The last time federal law reduced the workweek was in 1940 when the FLSA was amended to drop the threshold of hours after which workers qualify for overtime pay from 44 to 40. Then: nothing.

A four-day workweek was proposed in 1956 – by Richard Nixon, the Republican then-Vice President.

“These are not dreams or idle boasts. They are simple projections of the gains we have made in the last four years,” said Nixon (who’d drop the idea before running for the White House in 1960).

Iin recent years, there have been pilot programs and studies worldwide – in France, Germany, the United Kingdom and elsewhere – showing that four-day workweeks can boost workers’ productivity and happiness.

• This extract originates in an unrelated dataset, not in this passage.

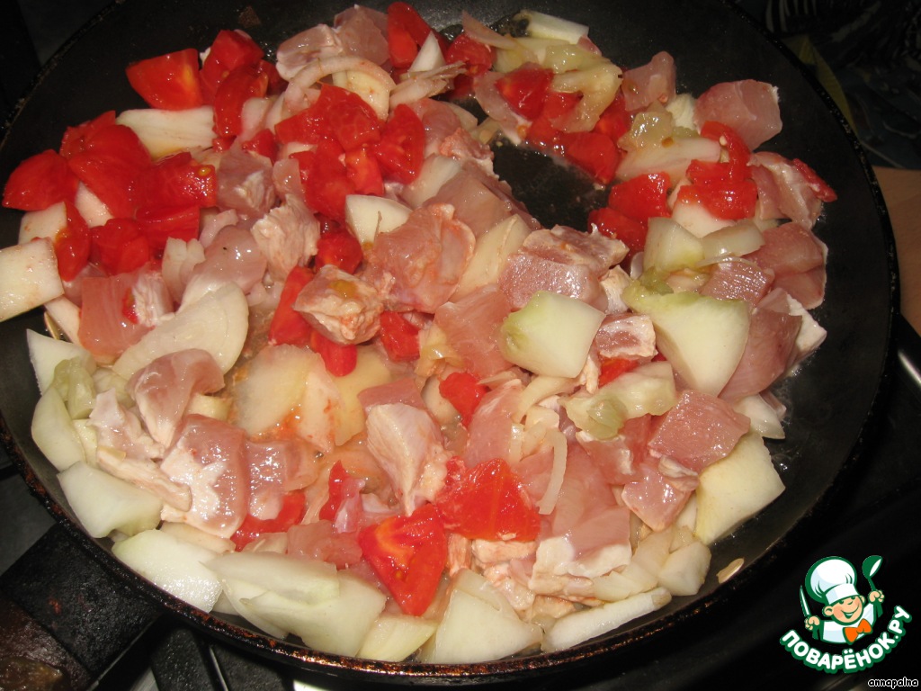 Филе, помидоры и мякоть патиссонов нарезаем на кусочки среднего размера и все вместе с луком обжариваем на сковороде минут 10-15.

:Our research suggests that the four-day, 32-hour week is not only feasible; it's better for workers and employers,” according to Boston College sociology professor Juliet Schor, who has led a team studying four-day workweek trials across the globe, quoted in Common Dreams.

"Of more than 100 companies with thousands of workers around the world, nearly 70% experienced reduced rates of burnout,” she said. “Stress fell. Reported physical and mental health improved. People felt less anxious and fatigued, exercised more, and slept better. Their life satisfaction rose, and conflicts among work, family, and life plummeted.”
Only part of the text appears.